Каменский знал, что до прибытия следователя необходимо сохранить обстановку происшествия, и еще ночью приказал держать труп под наблюдением. Об изменениях ему не докладывали. Стало быть, труп лежит так, как лежал. Вопрос Хохлова и ему показался наивным, но не удивил. «Что мы, не понимаем? — говорил взгляд Каменского. — В таких делах формальность — все. И вопрос этот... так, для проформы. А тут еще пейзажик не из приятных...»
Командиру стало жаль этого парня с застенчивой улыбкой, годившегося ему в сыновья. Строго взглянув на своих офицеров, он мягко сказал:
— К нему никто не прикасался. Да и кому, кроме как вам...
Пространство вокруг траншеи заполнилось тягучим визжанием. Внезапная тяжесть во всем теле гнула Хохлова к земле. Каменский и понятые стояли как ни в чем не бывало. Хохлов почувствовал на себе их насмешливые взгляды и поднял голову, раздвинул плечи. Командир продолжал говорить, но Хохлов почти не слушал его.

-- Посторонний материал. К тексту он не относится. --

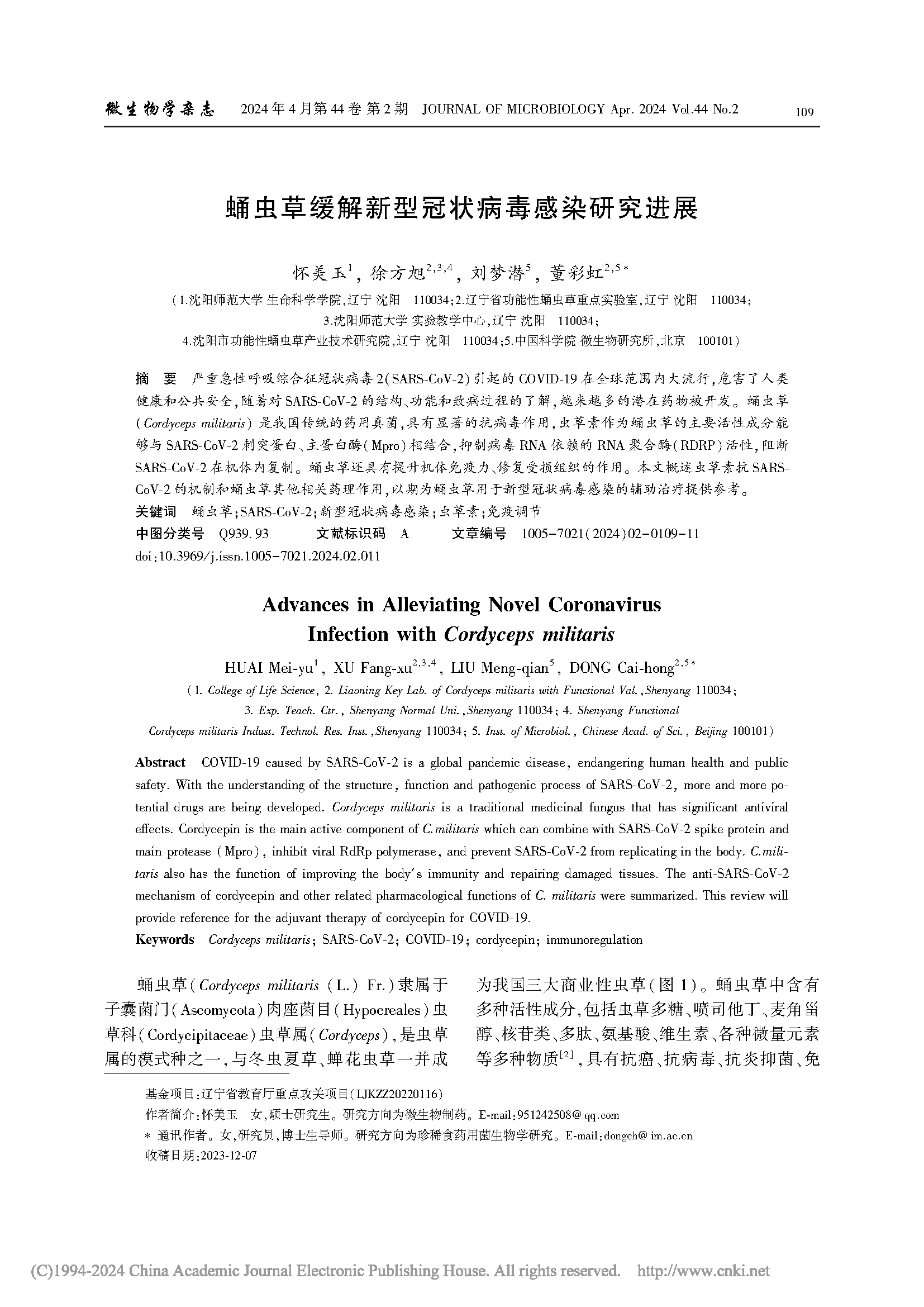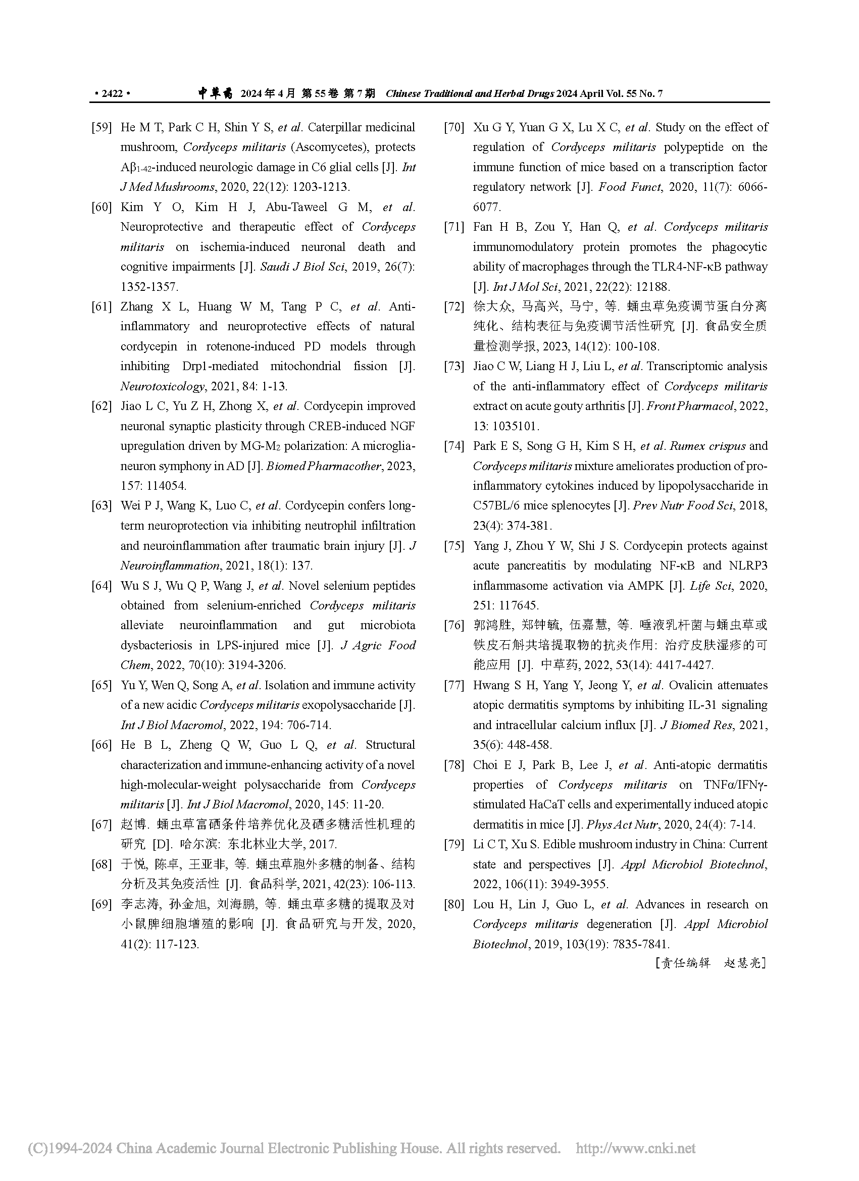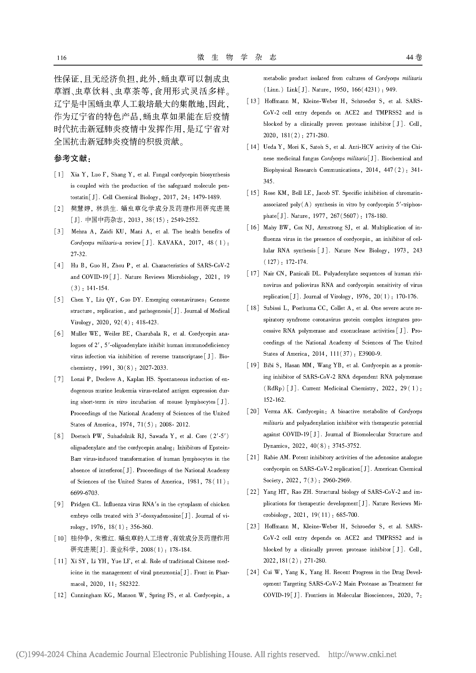 7、《蛹虫草缓解新型冠状病毒感染研究进展》

— Почему же труп лежит головой к «пятачку»? — глухо спросил он.
Каменский поднял глаза на Хохлова: «Ах, вот оно что?» Хлопнув перед окулярами стереотрубы выгоревшими ресницами, он посмотрел на своих офицеров так, словно они были повинны в том, что Ляпиков лежал иначе, чем он должен был, по мнению следователя, лежать.
Лейтенант в очках отозвался робко, будто оправдываясь:
— Он так и лежал, когда мы прибежали сюда по сигналу Бряхина. Мои люди наблюдали. К нему никто не подползал.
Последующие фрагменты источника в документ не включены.